Amazingly, we find out later, four riders in group one cycled all the way. Such is their technique, fitness and endurance. But we’re also learning to deflate tyres in soft sand and generally how it is done: bring your weight back, wiggle the front bars to break down resistance, choose as easy a gear as you can and build up as much speed as possible. Drinks that night, as a consolation, are free.

Day three

There’s more sand as we head towards the Limpopo. At Mapai (a relative metropolis compared with what we have seen) we drink cold 2M beer and eat fresh rolls from a wood-fired oven.

Our cycling tops blow in the wind on the washing line of the Samaria mission station as we pass by. Here too is the tree in which the woman gave birth during the floods of 2000.

The mission has been contracted to supply heavy-duty vehicles to help move the 80 to 100 tons of equipment travelling with the tour. It emerges that a clinic, which the mission is building, has stood incomplete for two years because of a shortage of funds. Wilderness Safaris offers to match donations by cyclists and R36 000 is raised for the building to be completed by the time the tour passes through next year.

Our tents that night are pitched in the riverbed of the mighty Limpopo, which has its origins as the Braam-fontein spruit in Johannesburg. I have done much of my training for this event along this spruit. Improbably, the spruit has more water in it than the Limpopo, which is not flowing at all.

Day four

We head north along the Limpopo flood plain towards the Pafuri border post where we’ll re-enter South Africa and the Kruger after travelling through forests of fever trees and avenues of baobabs. We can cycle this portion of Kruger with the permission of the Makuleke people. Dispossessed of their land between the Luvuvhu and Limpopo rivers in the 1960s, the Makuleke were one of the first successful land claimants. They opted for their land to remain part of the Kruger. Concessionaires now operate tourist facilities there on their behalf.

Day five

We don’t even notice the two buffalo near the gate as we head off 40km to the buses and a tar road back to civilisation. We’ve cycled 350km and are high on the wonder of wilderness. We’ve paid R8 000 each for the privilege or raised this money from sponsors.

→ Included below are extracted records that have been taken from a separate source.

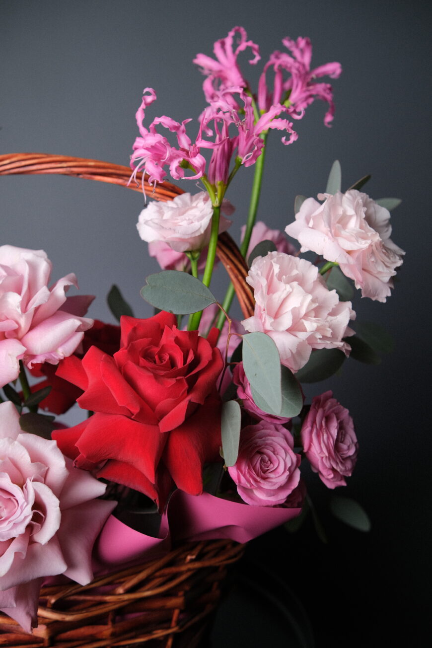 Объемная цветочная композиция в размере М в стильной плетёной корзине.
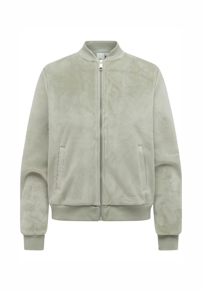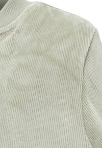 Lichtgroene corduroy bomberjas met ritssluiting aan de voorkant, geribde kraag, manchetten, zoom en twee zijzakken.
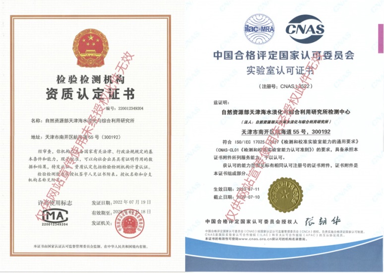 國家海水及苦咸水利用產品質量檢驗檢測中心成立于2007年6月,是國內唯一一家經國家質量監督檢驗檢疫總局、國家認證認可監督管理委員會批準的國家級海水利用產品質檢機構。本中心具有第三方公正地位的法定專業質量監督檢驗機構,是社會公益性的非營利事業單位。中心所有檢驗產品和參數均通過了實驗室 “三合一”評審,獲得國家認證認可委員會授權。
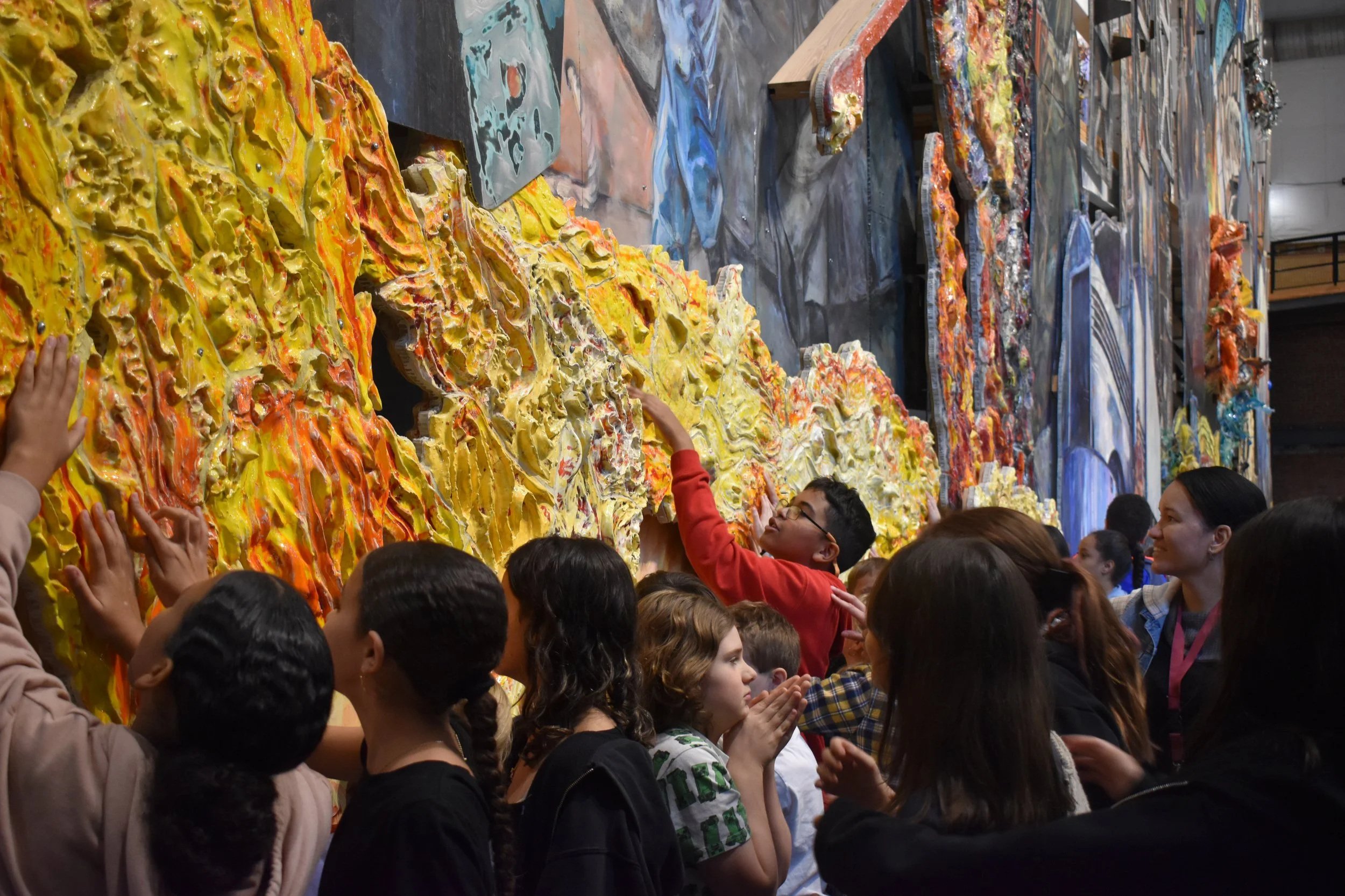 Your school field trip includes an interactive art activity. Using the mural as their springboard for discussion and creative responses, students develop their own interpretations and insights, guided by AMP education staff.

More than 30 sponsors kick in further to ensure that the maximum amount goes to the two beneficiary charities — Children in the Wilderness, which brings rural children to parks for environmental and life skill orientation, and Peace Parks Foundation, which is amalgamating these and other parks. In all, R360 000 was raised. Peace Parks’s Craig Beech, who rode the tour, says the intention is for it to become an annual fundraising event.

My best moment was cycling alone on day four toward the border post at Pafuri. Some of the Mozambican buildings still have no roofs or windows. In Cold War times, there was no border traffic here. It was a heavily fortified, no-go area. Now we have brunch in no-man’s land between the two countries and cross from one to the other by bicycle.